Аня с тоской смотрит вслед толстенькой фигурке с двумя косичками за спиной и вздыхает.

Мать возвращается. Она так взволнованна, что руки ее трясутся:

— Это ужасно! Откуда она научилась так лгать? Она все отрицает!.. Да ты уверена в том, что ты мне сказала?

— Я очень раскаиваюсь, мама, что так расстроила тебя.

— Отвечай мне на вопрос… ты сама видела письма?

— Да, мама, мне Оля показывала. Оля — поверенная Лизы.

— Оля! Прекрасно! Взрослая девушка, курсистка — и поощряет такую ужасную вещь!

— Полно, мама. Оля хохотала, показывая мне письма…

— Странное отношение!

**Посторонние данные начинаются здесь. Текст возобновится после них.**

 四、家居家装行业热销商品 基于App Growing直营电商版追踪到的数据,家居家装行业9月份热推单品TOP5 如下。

Вместо того, чтобы сказать мне, — смеяться!

— Мамочка, Оля поступила лучше меня — она не хотела тебя расстраивать…

— Оля дома?

— Да не раздувай ты так эту историю. Такая глупость, стоит об этом говорить… Надо было только лишить Лизу возможности видеться со своим вздыхателем.

— Как фамилия этого гимназиста? Надо написать письмо его родителям.

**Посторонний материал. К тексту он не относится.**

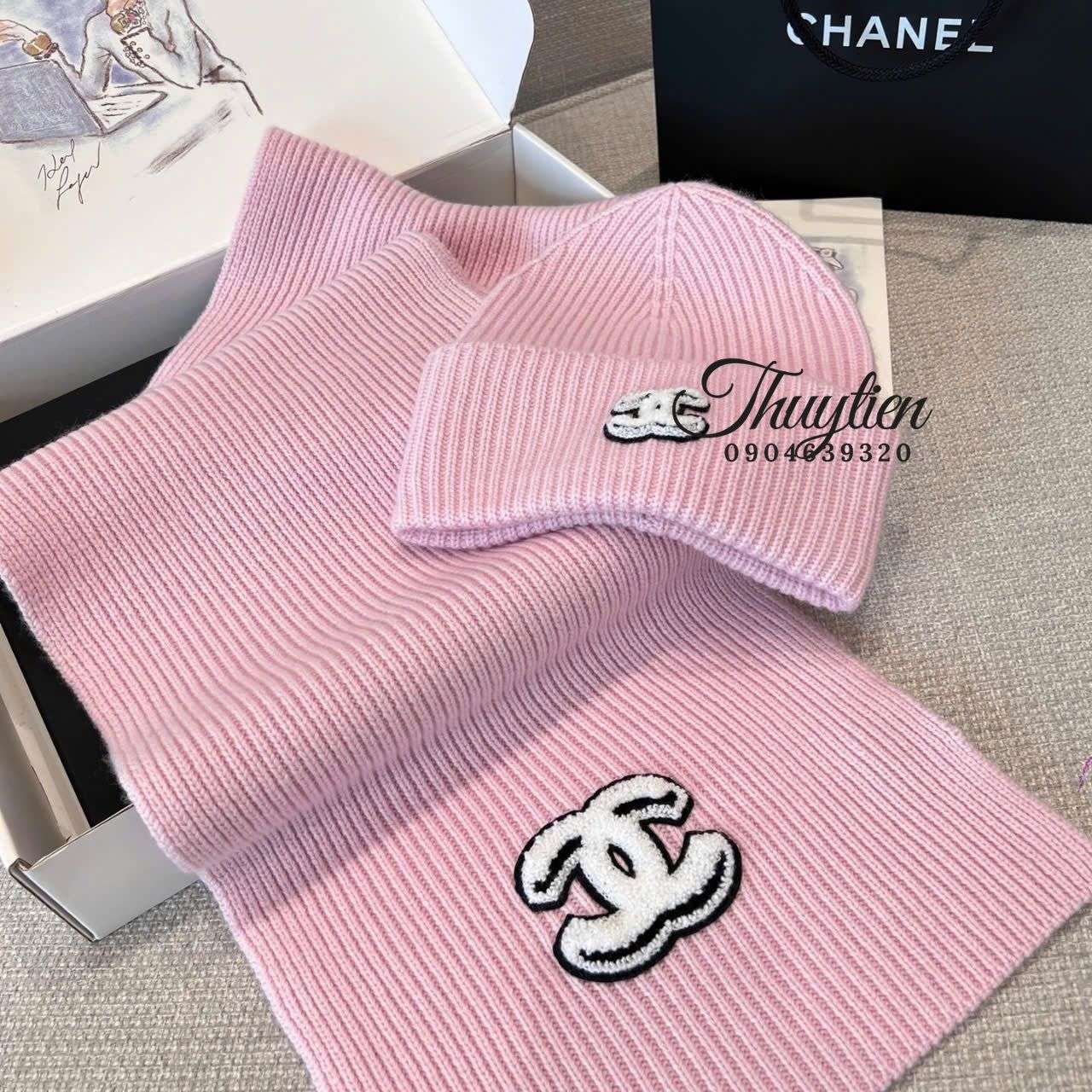 Set khăn và mũ len Chanel mang đến sự kết hợp hoàn hảo giữa tính ứng dụng và phong cách thời trang. Chất len mềm mịn, co giãn tốt và giữ ấm hiệu quả giúp người dùng thoải mái khi diện trong mùa lạnh. Màu hồng và be tạo cảm giác hài hòa, tạo vẻ đẹp dịu dàng nhưng vẫn nổi bật. Thiết kế tinh tế khiến nhiều khách của Thùy Tiên yêu thích lựa chọn mẫu này.

— Брось, мама. Успокойся ты, ради Бога, — с отчаянием говорит Аня, смотря на нервно подергивающееся лицо матери. — И зачем я только сказала тебе!

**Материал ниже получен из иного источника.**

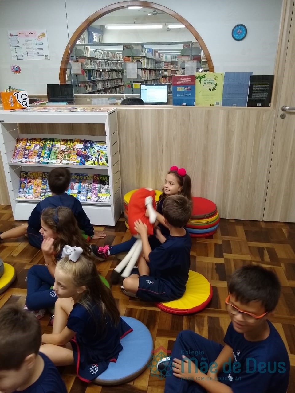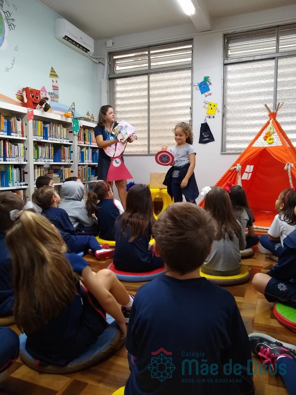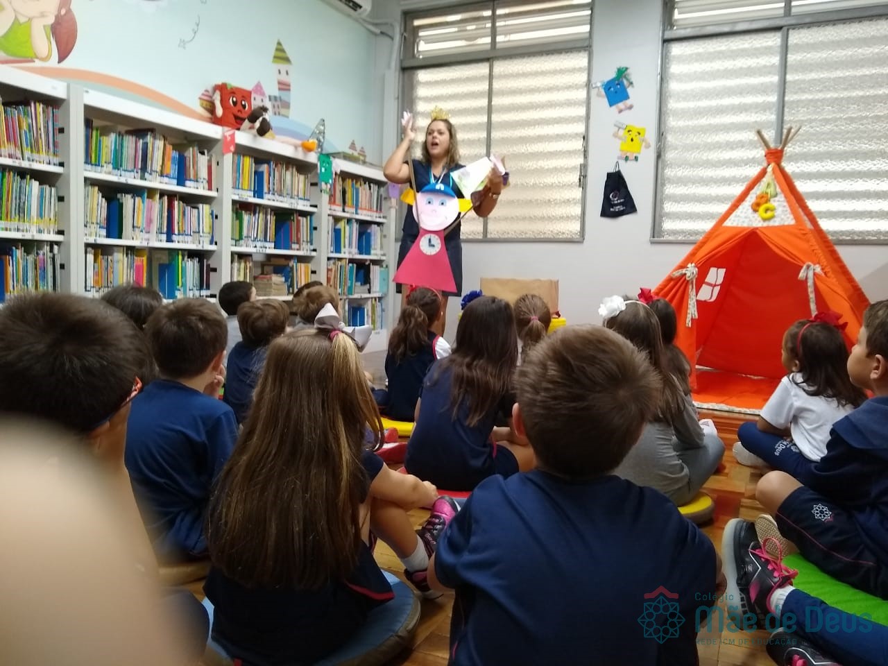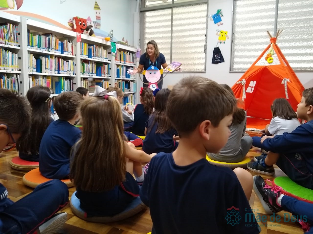A Biblioteca Monteiro Lobato recebeu os alunos em 2019 com muitas novidades. O ambiente está mais colorido e acolhedor. No setor infantil, ganhamos um adesivo decorando a parede, deixando o espaço ainda mais lúdico e inspirador. Compondo o ambiente, foi montada uma linda barraca onde os pequenos podem interagir e brincar. O acervo recebe constante atualização: novas literaturas, lançamentos, curiosidades, novas revistas e também livros que contemplam o tema da Campanha da Fraternidade deste ano. O mascote da biblioteca, “Leiturino”, representado por um fantoche de pano, recebeu as crianças com muita alegria, participando da contação de histórias do livro “Julinha relógio na biblioteca”. Julinha conta suas descobertas em sua visita à biblioteca, vivendo com o amigo Murilo as incríveis e mágicas aventuras que só os livros podem proporcionar, ensinando as crianças que sempre é hora de aprender e se divertir quando se tem o hábito da leitura.

— Зачем сказала? Ты раскаиваешься в своей откровенности! Вот это самое ужасное — эта ваша неоткровенность! Всегда все скрываете!

— Мы бы были откровенней, мама, если бы ты относилась ко всему спокойнее, но зная, как ты все это принимаешь…

— А как я должна это принимать?! Позови Олю. Как ей не стыдно было скрывать! Сама на педагогических курсах, готовится в воспитательницы… Позови Олю!

Аня идет и зовет Олю.


Теперь подымется история! Что будет говорить Оля, кокетливая Оля, которая чуть не с двенадцати лет вела подобные переписки и теперь флиртует направо и налево!

И, несмотря на это, Аня нисколько не боится за Олю, тогда как постоянно дрожит за нервную, впечатлительную Лиду.

Когда Оля влетает ночью к Ане, будит ее и объявляет, что она «безумно влюблена» или «отчаянно, безнадежно полюбила», Аня, спокойно улыбаясь, выслушивает признание сестры и спокойно засыпает, прекрасно зная, что эта «безумная любовь» продолжится всего несколько дней и заменится новой «безнадежной страстью» или «на этот раз уже настоящей, крепкой любовью».

Сколько раз Оля, с видом нашкодившей кошки, умоляла Аню: «Сестричка, милая, ты уж как-нибудь устрой. Я приняла его предложение, а… а теперь не знаю, что мне делать… он мне совсем не нравится. Ты уж как-нибудь выкрути меня… избавь от него».

Не то было с Лидой.

Лида была такой серьезной и сдержанной, никогда Ане не изливалась, но Аня прекрасно знала, что если Лида «не дай Бог, влюбится», — быть драме. Один раз она съела все зеленые краски из акварельного ящика Пети.

Правда, она отделалась рвотой, но из записки, написанной ею на имя Оли, оказалось, что причиной этой рвоты была неразделенная любовь к одному студенту.

В другой раз Лида серьезно заболела, узнав, что ее «предмет» женится на другой.

Недаром Аня со страхом и трепетом следила за «поклонниками» Лиды.


За обедом было скучно и тяжело.

Между матерью и отцом были натянутые отношения, хотя они старались не показать этого.

Оля и Лиза дулись на Аню за то, что она их «выдала». Лида была мрачна и ничего не ела.

Все молчали и, когда встали из-за стола, разошлись по своим комнатам.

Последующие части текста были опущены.